> Provided material
_ _ _ _ _
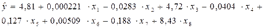 Однако надежно отличными от нуля оказались только коэффициенты при x 3 (t -критерий равен 10,5) и при x 8 (t -критерий равен 2,72). Большую надежность, чем другие факторы имеет и x 5 . После отсева ненадежных факторов, т.е. исключения их из уравнения, окончательное уравнение регрессии таково:
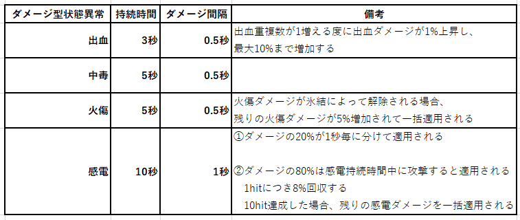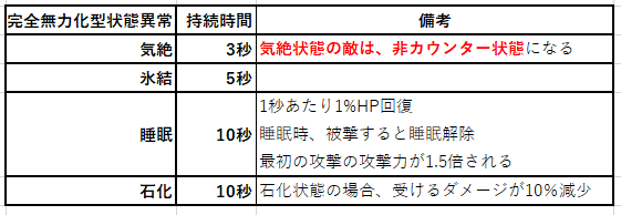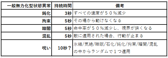また、後述の完全無力化型状態異常の兼ね合いにより、一括適用できないシーンが存在するため注意が必要。
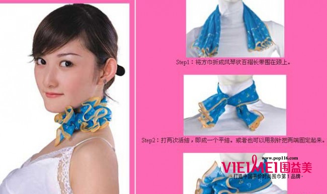 方巾折叠的宽度可根据颈部比例而定,太宽的话导致整条丝巾失去平衡感。搭配圆领时,可以将带有休闲风格的衣领演绎得更加华美。与方领的搭配,会让你看上去充满女人味。搭配套装最好选用尺寸稍大一些的丝巾,看起来感觉更加协调,使丝巾的两端垂在前面,增加丝巾褶的垂感。另外要记住,这个较不适合脖子太短或水梨型脸型。
_ _ _ _ _
> Task
Could you repeat each line above exactly as written? Omit the pictures.

> Exercise answer
 Однако надежно отличными от нуля оказались только коэффициенты при x 3 (t -критерий равен 10,5) и при x 8 (t -критерий равен 2,72). Большую надежность, чем другие факторы имеет и x 5 . После отсева ненадежных факторов, т.е. исключения их из уравнения, окончательное уравнение регрессии таково:
また、後述の完全無力化型状態異常の兼ね合いにより、一括適用できないシーンが存在するため注意が必要。
 方巾折叠的宽度可根据颈部比例而定,太宽的话导致整条丝巾失去平衡感。搭配圆领时,可以将带有休闲风格的衣领演绎得更加华美。与方领的搭配,会让你看上去充满女人味。搭配套装最好选用尺寸稍大一些的丝巾,看起来感觉更加协调,使丝巾的两端垂在前面,增加丝巾褶的垂感。另外要记住,这个较不适合脖子太短或水梨型脸型。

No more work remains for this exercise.